Word for word, copy the line that contains "2、可随意设定报时声音,本软" and each line after it in the data below. Pictures stay out of the copy.
[Input for this task Boundary: Start]
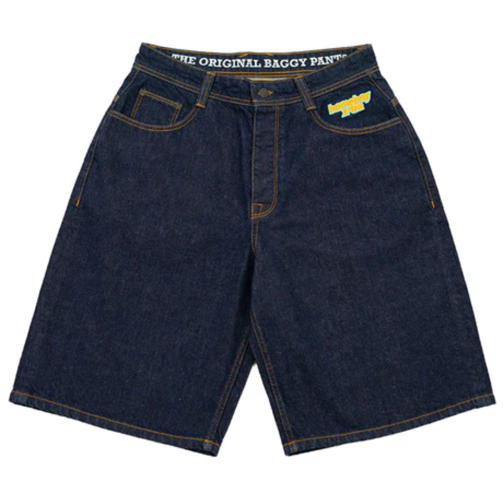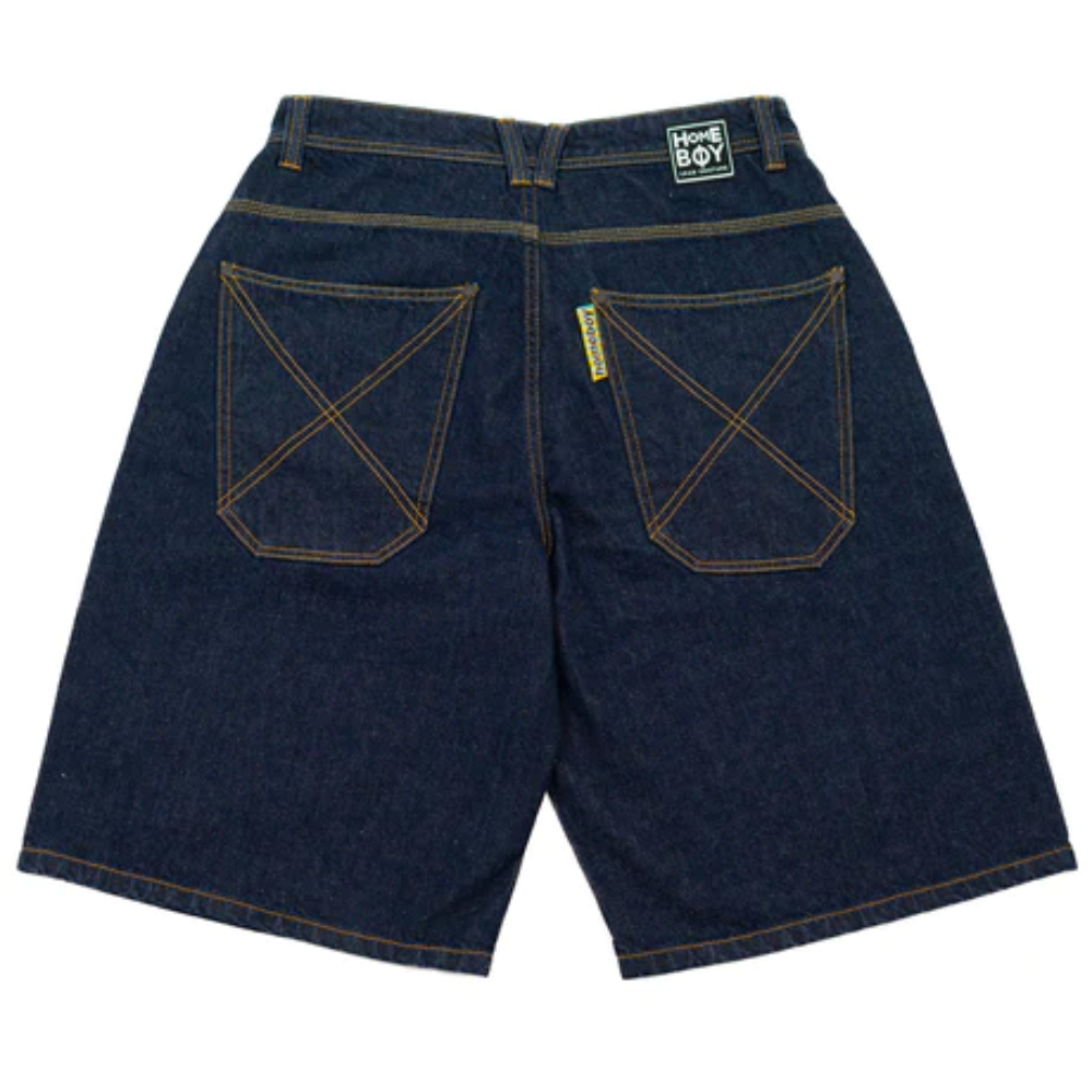 Die Homeboy X-tra Monster Baggy Shorts Indigo sind Monster Baggy Shorts für den Sommer von Homeboy. Sie hat ein weit geschnittenes Bein und verjüngt sich leicht zum Ende des Beins hin. Sie liegt an der Hüfte eng an und der Schritt ist nur geringfügig länger als bei normal geschnittenen Jeans. Die Beine enden knapp über den Knien.
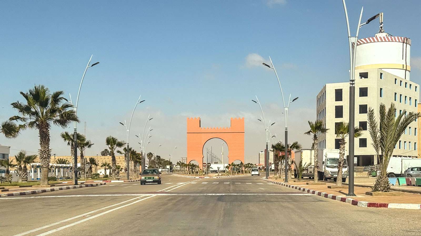 Matka Atlantin rannikolle alkoi lyhyellä pysähdyksellä kaupungin portilla. Afrikkalaiseen tapaan paikasta toiseen siirtyminen ei aina tapahdu noin vain, vaan matkalla tapaa olla checkpoint tai checkpointteja. Länsi-Saharassa Laayounen lähistöllä niitä kuitenkin oli vaan kaupunkien rajoilla, eli ei sentään kymmeniä kuten joskus vaikka Sierra Leonen Freetownin ja Liberian Monrovian välillä, mutta olihan matkaakin tuolla välillä paljon enemmän.
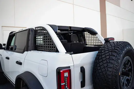 The panels are designed specifically with your Ford Bronco in mind – they comfortably fit around the rear roll bars and can be mounted in multiple positions more easily thanks to their direct bolt-on installation. Plus, they’re as versatile as your vehicle: they work with or without a hardtop, so you don’t have to worry about taking off the top every time you want to switch up the way you store your cargo.
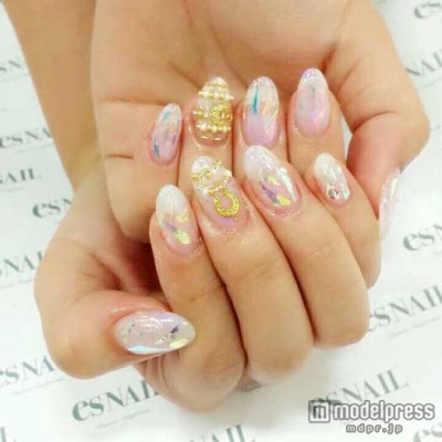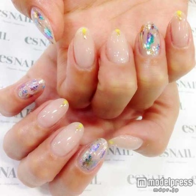 定番のシアーベージュにオーロラフィルムをポイントとしてオン。さりげなく見えて、実は存在感たっぷりの仕上がりに。
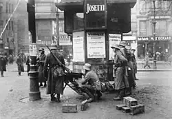 As garrison commander in Cottbus, Buchrucker supported the March 1920 Kapp Putsch against the German government.[5] On 13 March mutinous troops occupied the Berlin government district and the Reich government fled to Stuttgart via Dresden. Buchrucker banned demonstrations and rallies in Cottbus and took over executive power. In response to the general strike, which the Majority Social Democratic Party (MSPD) government and trade unions called to protest the putsch, he used posters that promised, "Protection for those willing to work!" As Reichswehr patrols encountered resistance on 15 March, they, at Buchrucker's instigation,[6] fired with machine guns at a fleeing crowd. Four people died and five were seriously wounded. Meanwhile, Reichswehr troops broke into the printing house of the newspaper Freier Volkswille belonging to the more radical Independent Social Democratic Party (USPD) and destroyed its high-speed printing presses with hand grenades.
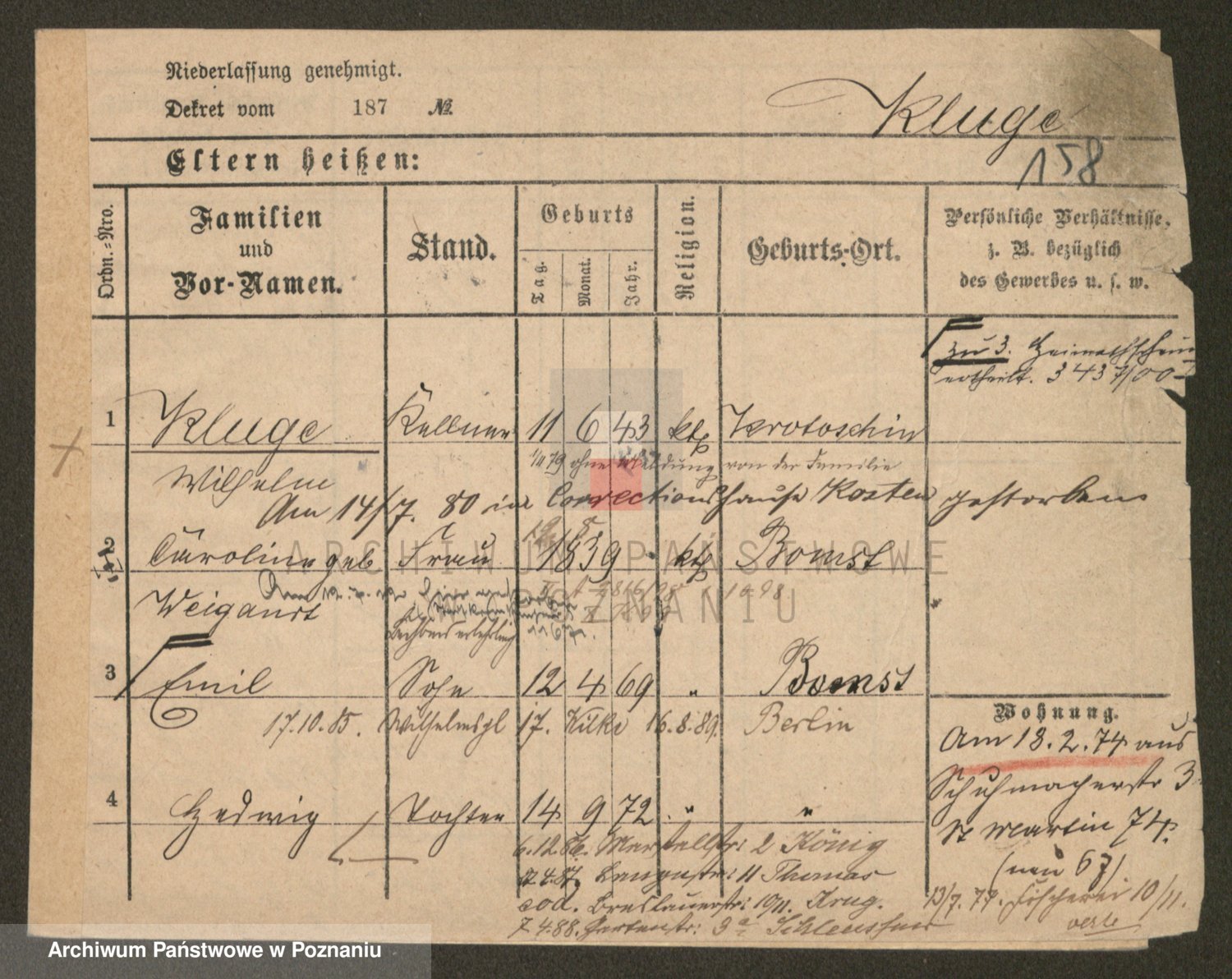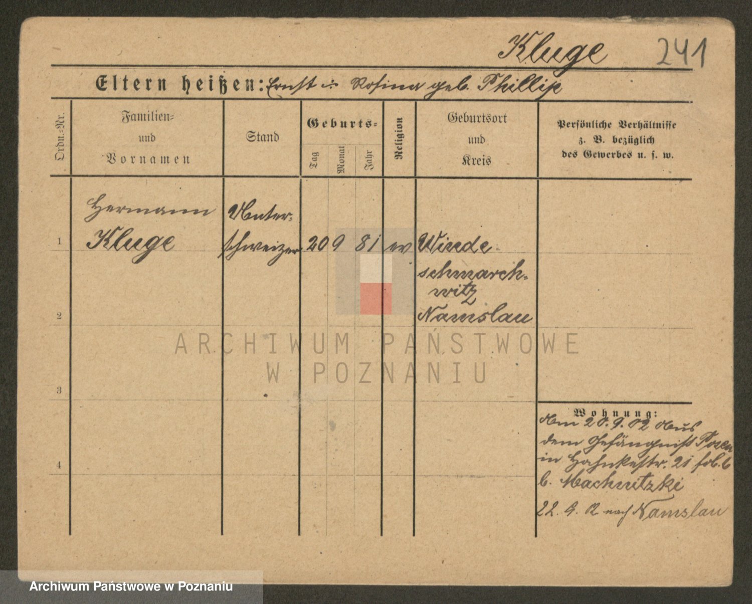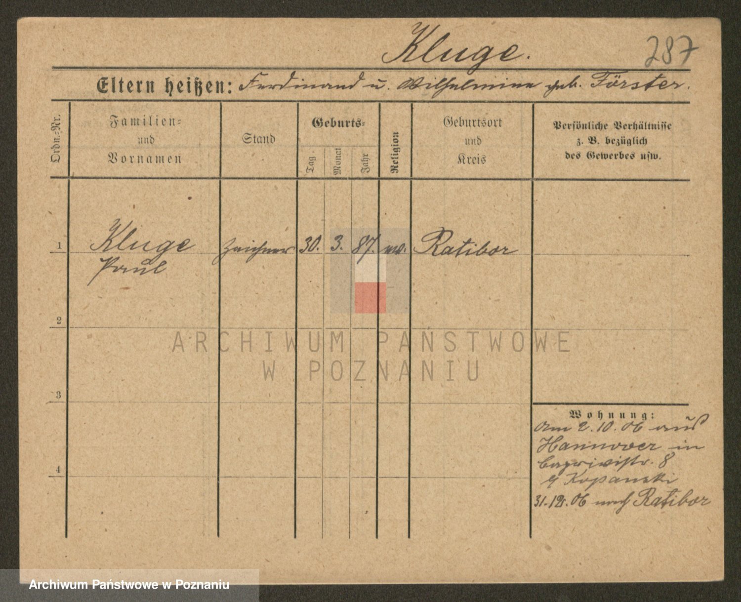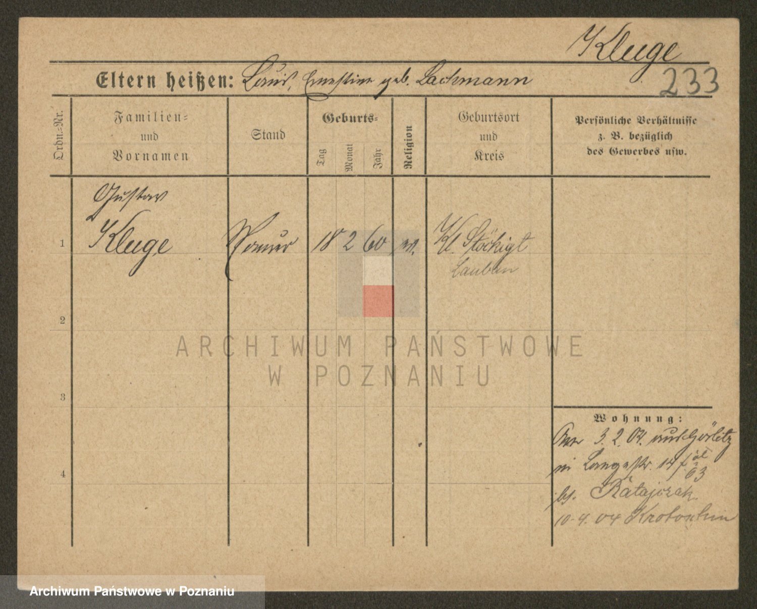 Klug z d. Komisarek, Emilie Karoline
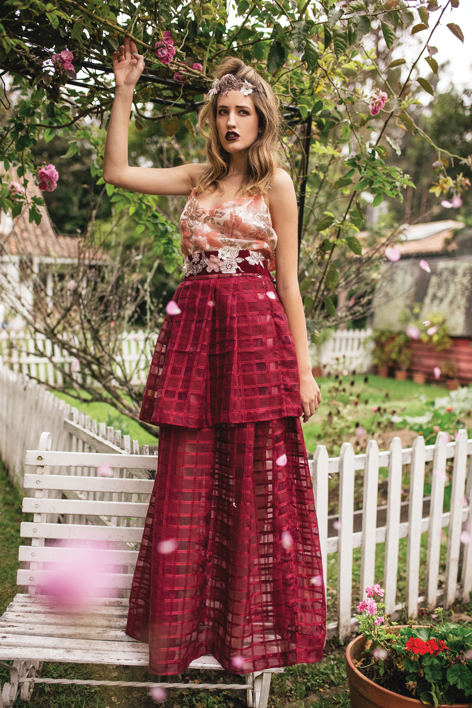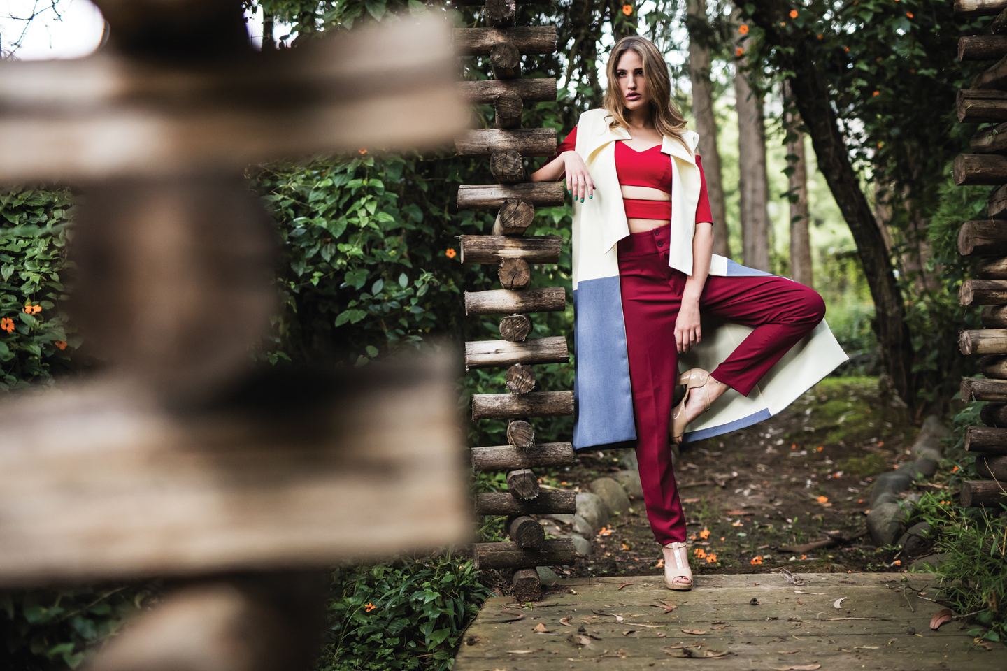 Chaleco largo bicolor con pantalón magenta y top rojo
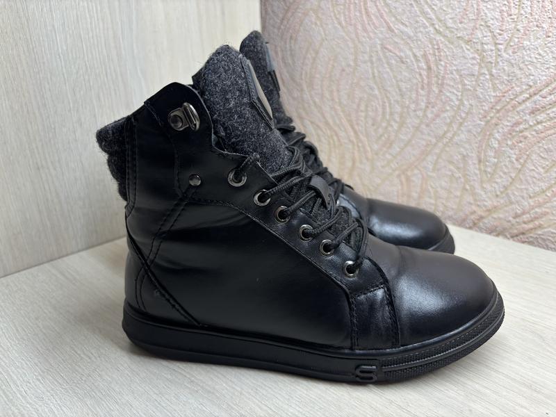 Продам зимние кожаные ботиночки Boy 35 размер на мальчика. Длина стельки 22,5 см. Б/у, но общее состояние очень хорошее. Внешне натуральная кожа, серединка искусственный мех. С боку есть замочек, так что удобно надевать. Нюанс последнее фото, сменный ползунок в замочке.
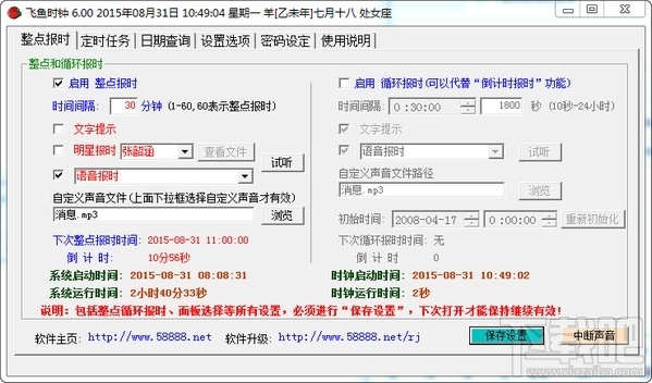 2、可随意设定报时声音,本软件为您提供“真人女声”、“铃声”、“挂钟声”等多种选择,您甚至可以自定义mp3作为提醒音乐。
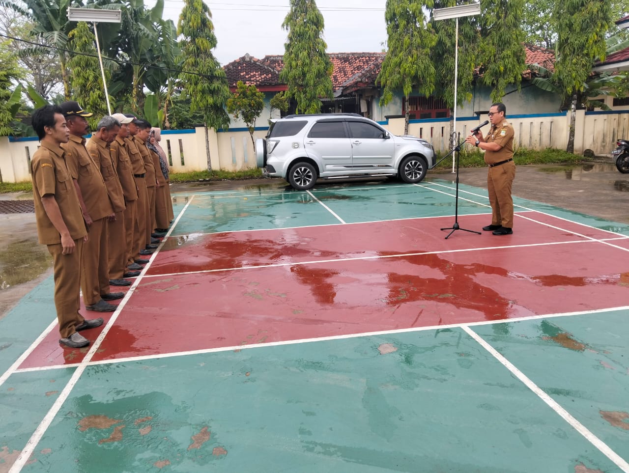 Dalam apel tersebut, Mulyadi memberikan arahan langsung terkait pelaksanaan tugas mingguan serta evaluasi kinerja perangkat desa.
[Input for this task Boundary: End]
# [Problem solution]
 2、可随意设定报时声音,本软件为您提供“真人女声”、“铃声”、“挂钟声”等多种选择,您甚至可以自定义mp3作为提醒音乐。
 Dalam apel tersebut, Mulyadi memberikan arahan langsung terkait pelaksanaan tugas mingguan serta evaluasi kinerja perangkat desa.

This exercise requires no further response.